In his imagination, the poet feels that he was the master of his little world. In the very first stanza the poet calls himself as the prince of the apple town. The poet says, “I was the prince of the apple town”. This conveys the imagery of self sufficiency. The boy was self-sufficient like a prince in the apple town. In this poem, the poet imagines various kinds of things and objects: apple boughs, the lilting house, grass, the dingle, wagons, tree leaves, daisies, barley, barns, the yard, the farm, the sun, the calves, the foxes, the pebbles, the streams, the hayfields, the dew, the cock, the field etc.

Thomas himself said that a poem by him needed a host of images, because the poem’s center was a hose of image. Personification is an important element of Dylan Thomas’s imagery. And in the poem “Fern Hill” the poet has personified time. In this poem we get the image of time as a big child who is all powerful, all wasting, all consuming that allowed the boy to be the lord and the master for a short while. Time let him play and live; time let him plat and leave alone. In the fourth stanza the poet says:

“And the farm like a wanderer white

With the dew, come back, the cock on his shoulder.”

Here the poet personified the farm as a wanderer. It is another fantasy of the boy. When the boy woke up in the morning, the farm also returned to its location. The farm is compared to a wanderer who has been roaming about during the night and who comes back at dawn covered with dew drops and with the crowing cock on his shoulder.

In “Fern Hill” the poet employs four overlapping kinds of imagery. There is the kind of image he had made fully his own, consisting of a familiar phrase given a surprise twist; happy as the grass was green, once below a time, all the sun running. Then there are comparisons, implicit or explicit, which would occur naturally to a child. ‘I was huntsman and herdsman.’ ‘The calves sang to my horn, the hay filed high as the house.’
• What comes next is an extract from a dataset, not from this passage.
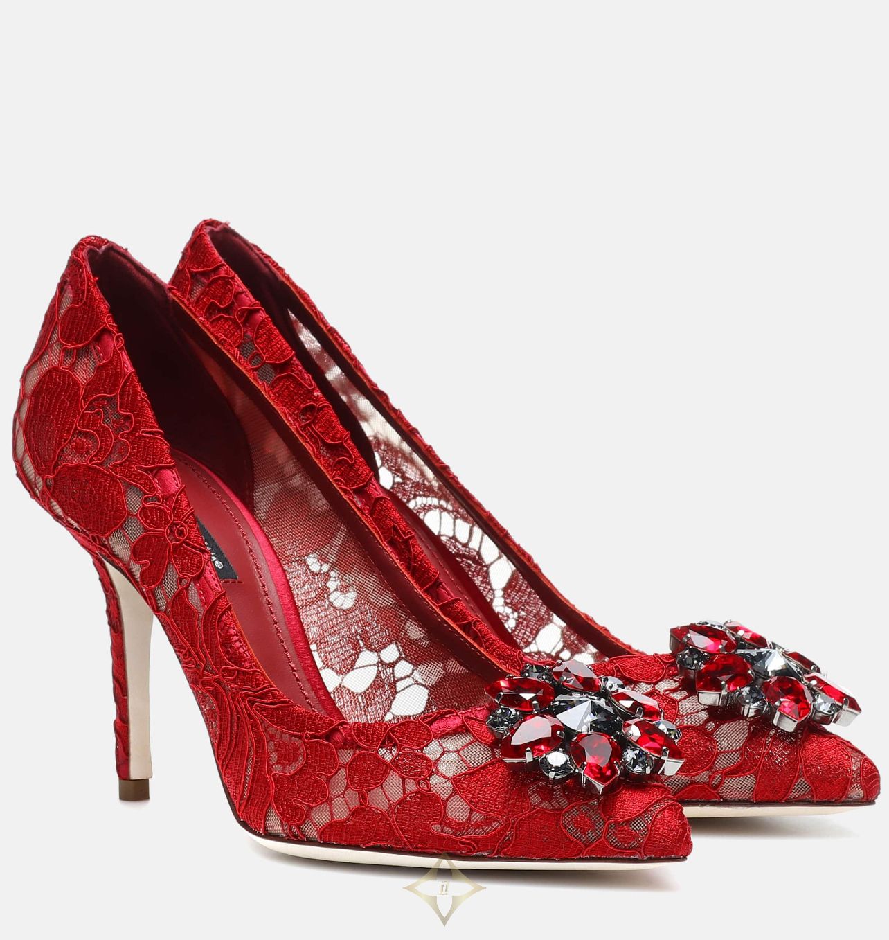 We predict that these rich ruby-red Dolce & Gabbana Bellucci pumps will inject an amorous air into your footwear edit. This striking pair has been crafted in Italy and forms part of the label's new "Rainbow Lace" collection, and has been finished elegantly in ornate taormina lace, with bejeweled Swarovski crystal clusters on the toes. Wear yours as a majestic finishing touch to any ensemble, though they'll pair perfectly with the label's rose-printed pieces.

There is religious tone everywhere in this poem. In the second stanza the poet says –

“And the Sabbath rang slowly

In the pebbles of the holy streams.”

Sabbath is Sunday, the day of rest and worship to God. When the Sabbath came, the boy heard the ringing of the church bells. The sound of the church bells was mingled with the sound of the water flowing over the pebbles of streams. Here we get a picture of passing holy days and the religious awareness of the poet when he was a child.

In “Fern Hill” we also find light imagery. In the first stanza the poet says –

“Down the rivers of the windfall light.”

Here the river is not a river of water but of light, which flows continually like a river. The word windfall means prematurely fallen. The rivers of the windfall light means that bright light falling on the apples, which had prematurely fallen down upon the ground. The word ‘windfall’ also means a stroke of good luck. The light falling upon the apple is regarded as a lucky chance.

To the child all this is Paradise itself, the Garden of Eden where Adam and eve moved carelessly among green and golden things. To the innocent eyes of childhood, it even seems a miracle and grows big and round once more. It is the miracle of creation repeated. The horses, which flashed away into the darkness he went to sleep, appear from their ordinary stables again though the child thinks, still a little under the spell of the magic night before. And so off they go into the ‘fields of praise’ that is the green fields, which remind us again of God’s goodness and the necessity to give thanks for it.

Thus Dylan Thomas through his image convinces us of the significance and authenticity of his childhood vision.